Which correspond to the exact same residuals as for the last iteration on the Static FSI tutorial. This can be tested by running the latter with

WRT_ZONE_CONV = YES


which yields for its last iteration

+----------------------------------------------------------------+
|                     Zone 0 (Incomp.
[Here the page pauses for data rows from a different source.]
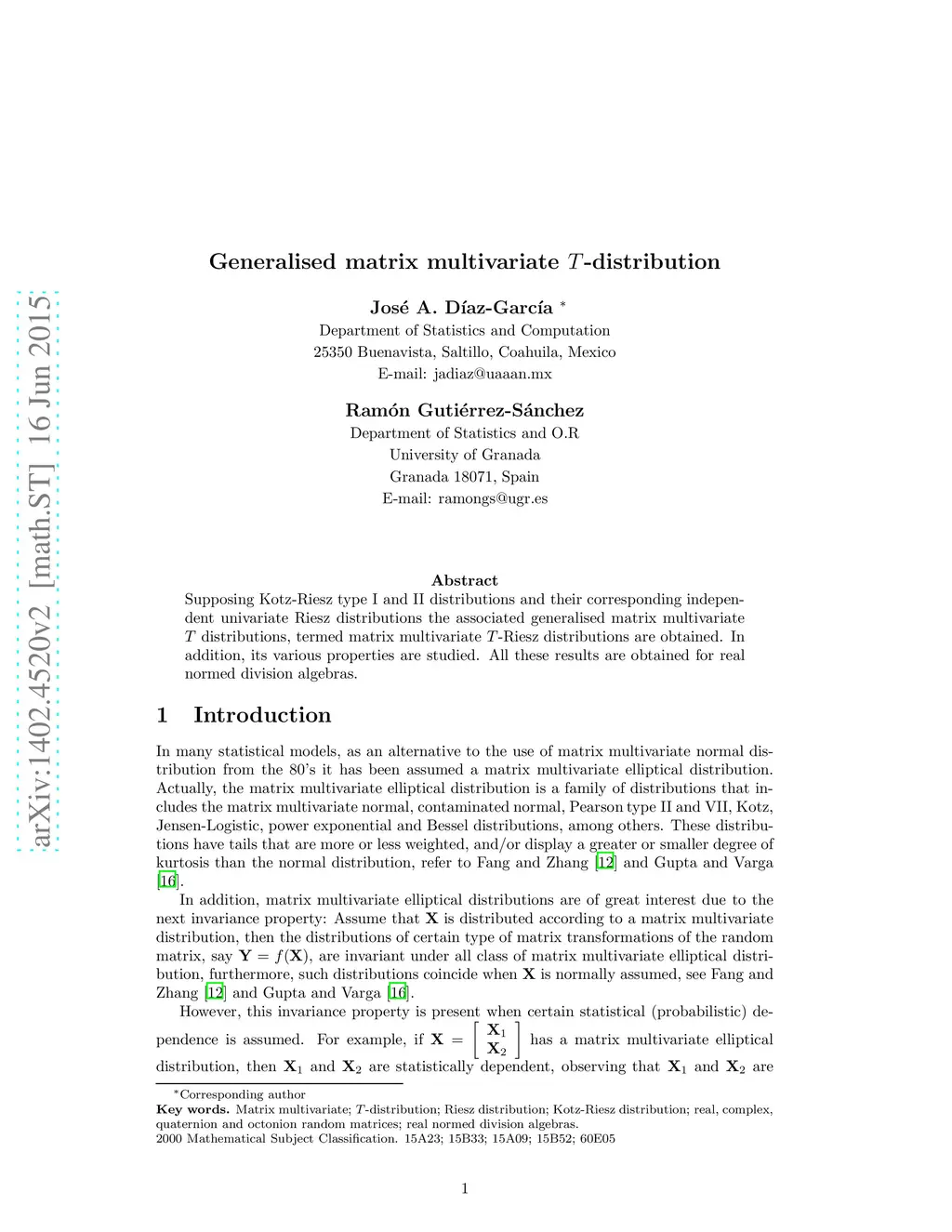 Supposing Kotz-Riesz type I and II distributions and their corresponding independent univariate Riesz distributions the associated generalised matrix multivariate T distributions, termed matrix multivariate T-Riesz distributions are obtained. In addition, its various properties are studied. All these results are obtained for real normed division algebras.
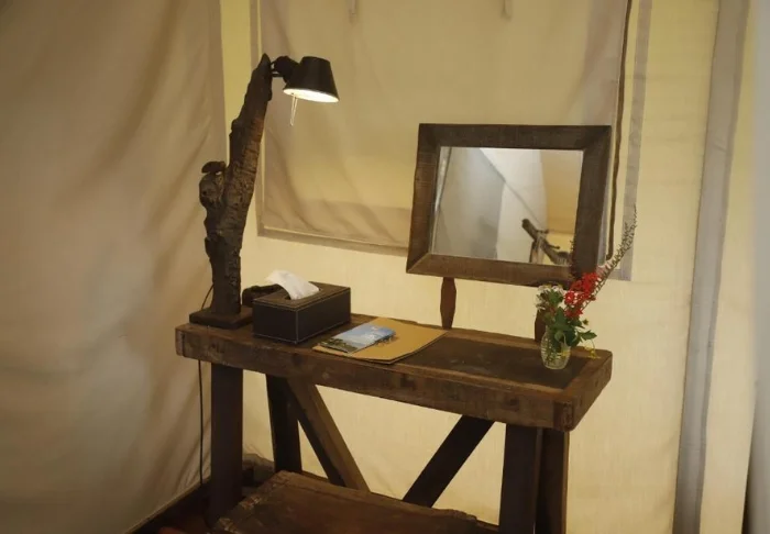 Teltat sijaitsevat vehreässä ympäristössä. Asut tilavassa Lakeview Tent -teltassa, jotka on rakennettu paaluille ja sisustettu harkitun yksinkertaisesti. Jokainen teltta on 32 m², ja siinä on oma veranta, sekä joko parivuode tai kaksi yhdistettävää erillistä vuodetta. Mukavuuksiin kuuluvat ilmastointi ja tuuletin, pullotettua lähdevettä, teetä ja kahvia sekä käytännön tarvikkeet kuten taskulamppu, tossut, sateenvarjo ja hiustenkuivaaja. Teltassa on oma kylpyhuone, jossa on suihku ja WC. Verannalla on käsintehty pöytä ja tuolit – täydellinen paikka rauhallisille aamuille järvimaisemissa. Näkymät järvelle ja ympäröivä luonto ovat itsessään jo elämys. Täällä tunnet aidosti olevasi keskellä luontoa.
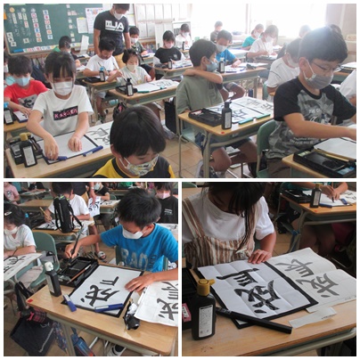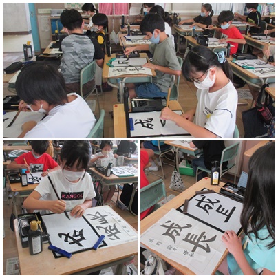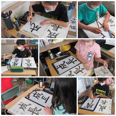 5年生が書写の授業で「成長」を毛筆でかいていました。筆順に気をつけながらかいていました。
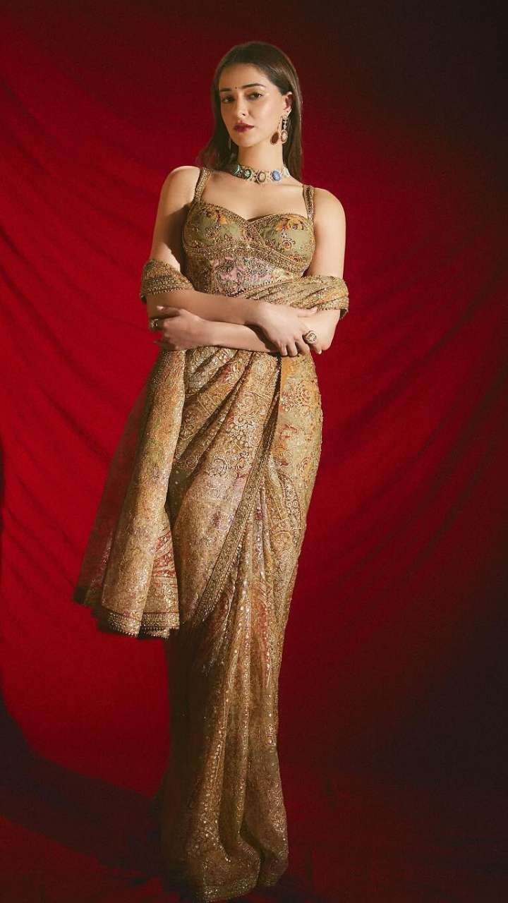 जाह्नवी कपूर के पास साड़ी का भी शानदार कलेक्शन है। एक्ट्रेस का ये टिश्यू साड़ी लुक काफी ज्यादा शानदार लग रहा है।
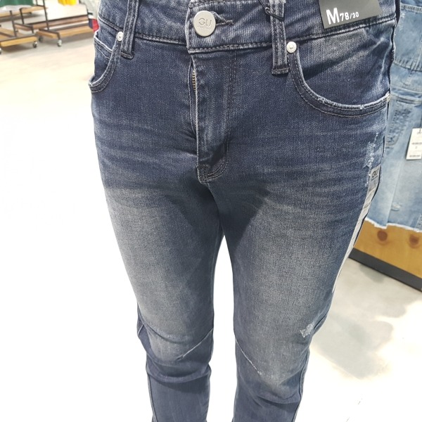 D톤의 엠보 라이더 팬츠.엠보워싱 가공으로 입체감을 살리고 워싱은 깔끔하게 작업하여 데일리로 착용가능한 아이템.
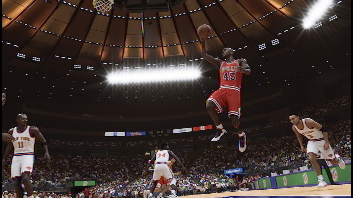 ● 用手干擾和猛烈的身體接觸為一對一單挑帶來截然不同的感受,精確重現了 90 年代籃球的風格。例如 Jordan 與「壞小子」Pistons 對戰時,或許最能深刻體驗老派籃球賽的摩擦與肢體衝撞。Pistons 可能會使出知名防守策略「Jordan 法則」來圍堵 MJ。
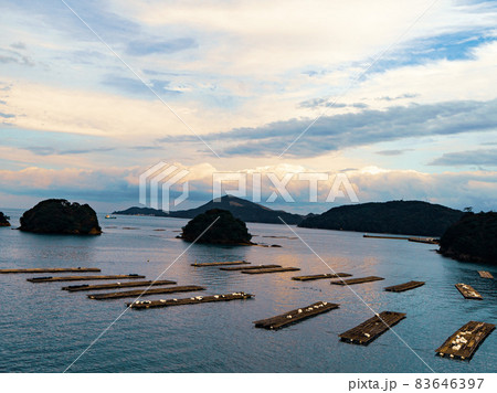 養殖いかだのある魚港の風景
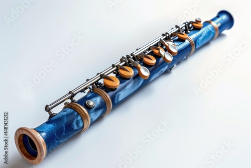 Naklejka premium A blue wooden flute with metal keys, designed for musical performance. on...
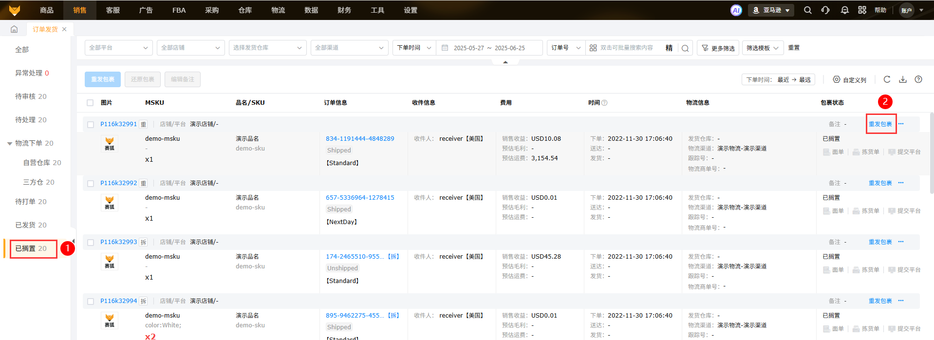 已搁置包裹,支持重发包裹,生成后到【待处理】页面下单。
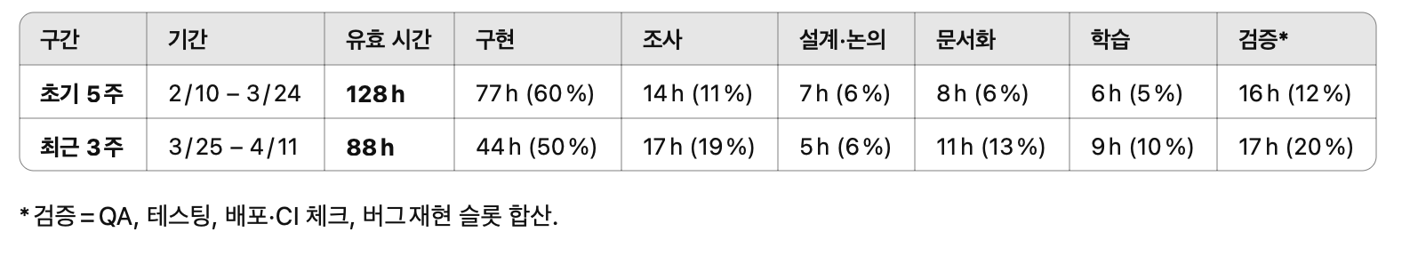 지난 3주간 그래도 이전보다는 설계/논의, 문서화 비율이 많이 올라왔다.
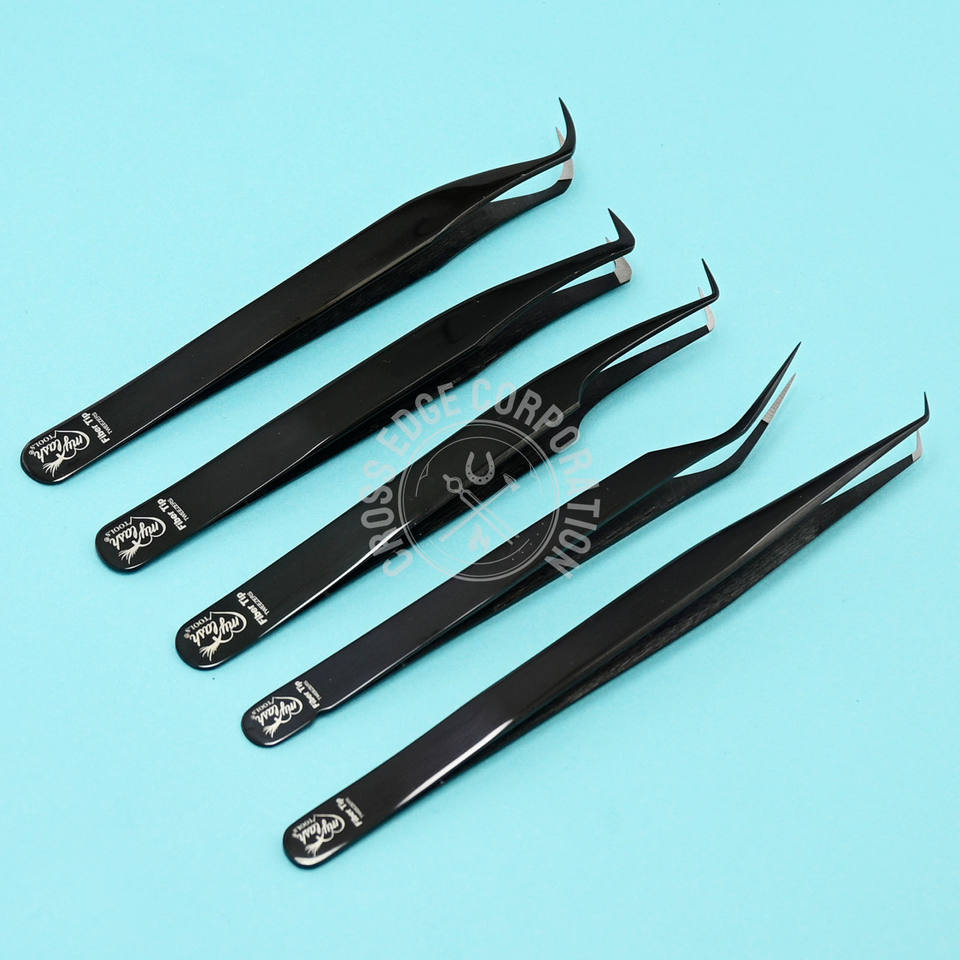 แหนบปลายไฟเบอร์สำหรับต่อขนตาแบบวอลลุ่ม 90 องศา
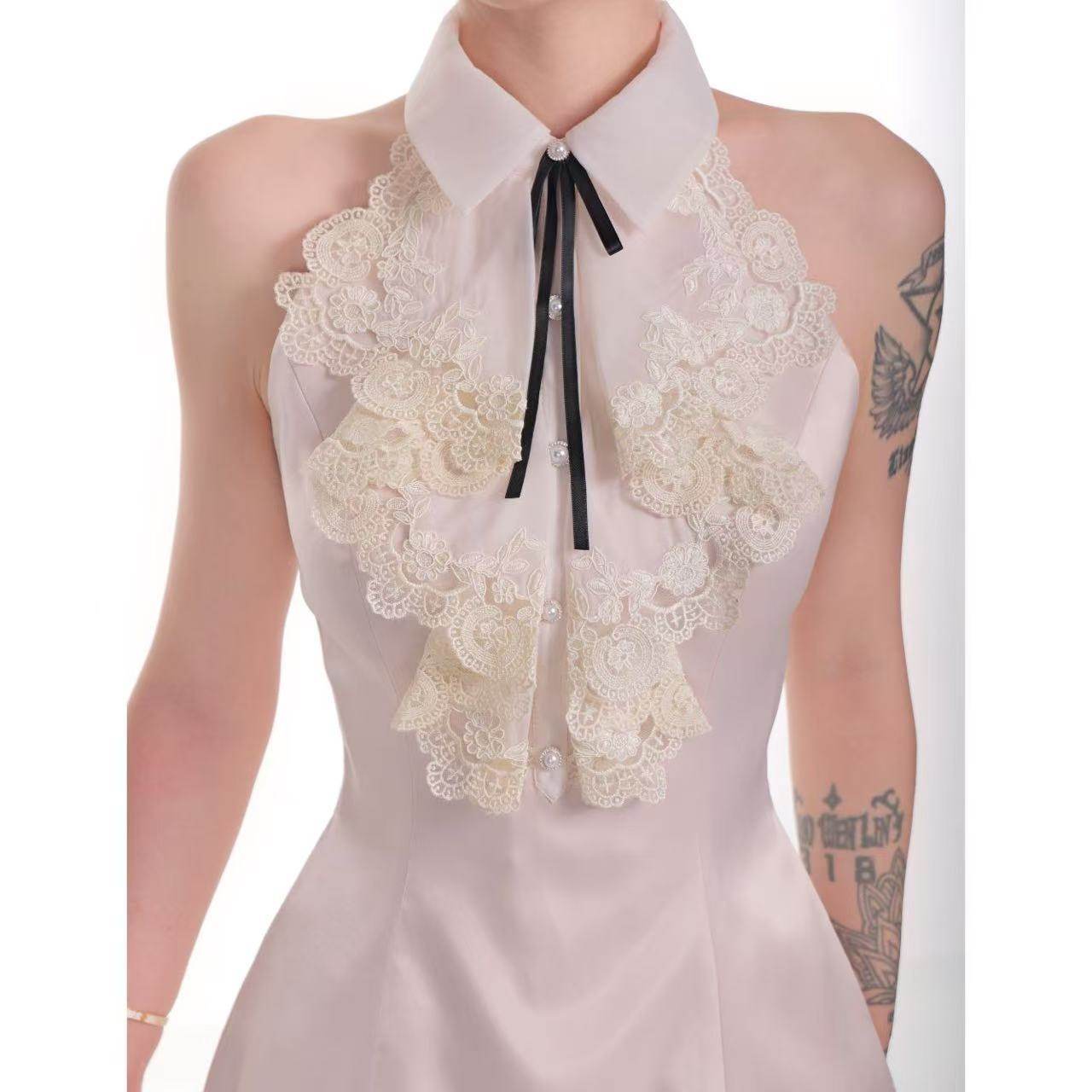 挂脖连衣裙新款 龙怼怼推荐 纯欲蕾丝无袖 法式 收腰包臀 许我耀眼
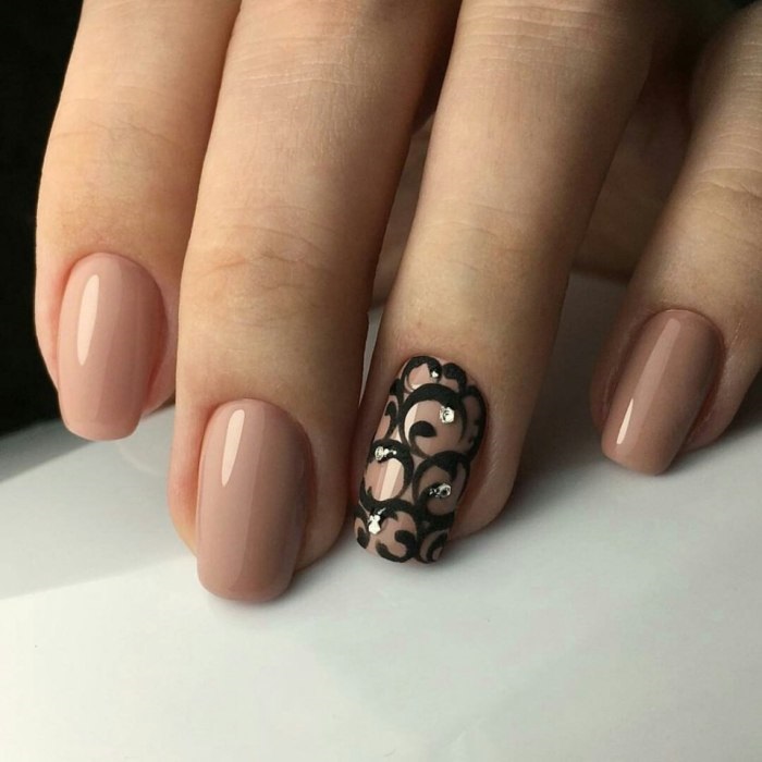 La manucure nue est un champ sans fin pour les fantasmes de toute conception. Sa base naturelle permet de la compléter avec toutes les options de design lumineuses et complexes. Pour les expériences et pour obtenir des résultats parfaits, il est préférable d'utiliser des teintes opaques de vernis. Si vous utilisez des vernis transparents ou translucides, certaines options de conception perdront leur beauté.

Fluid)                     |
+----------------------------------------------------------------+
|  Outer_Iter|  Inner_Iter|      rms[P]|      rms[U]|      rms[V]|
+----------------------------------------------------------------+
|          16|           0|  -15.808168|  -15.358431|  -15.769282|
|          16|          10|  -16.714759|  -16.074145|  -17.174991|
+-----------------------------------------------------------------------------+
|                              Zone 1 (Structure)                             |
+-----------------------------------------------------------------------------+
|  Outer_Iter|  Inner_Iter|      rms[U]|      rms[R]|      rms[E]|    VonMises|
+-----------------------------------------------------------------------------+
|          16|           0|  -11.937375|  -11.637725|  -25.999458|  1.8531e+03|
|          16|           1|  -15.794016|  -11.636749|  -28.541279|  1.8531e+03|
|          16|           2|  -16.165350|  -11.621837|  -28.528692|  1.8531e+03|
|          16|           3|  -16.056047|  -11.608302|  -28.544055|  1.8531e+03|
|          16|           4|  -16.156344|  -11.627675|  -28.565975|  1.8531e+03|
|          16|           5|  -16.204699|  -11.633976|  -28.581277|  1.8531e+03|
+----------------------------------------------------------------+
|                        Multizone Summary                       |
+----------------------------------------------------------------+
|  Outer_Iter| avg[bgs][0]| avg[bgs][1]|MinVolume[0]|DeformIter[0|
+----------------------------------------------------------------+
|          16|  -11.228939|   -9.130581|  8.7338e-10|          44|


The displacement field on the structural domain and the velocity field on the flow domain obtained in fsi_steady_1.vtu_and fsi_steady_0.vtu respectively are shown below:

which is, as expected, identical to the result of the Static FSI tutorial. The convergence of the drag coefficient is as follows:

The drag coefficient will be used as the objective function for the adjoint computation in the next tutorial.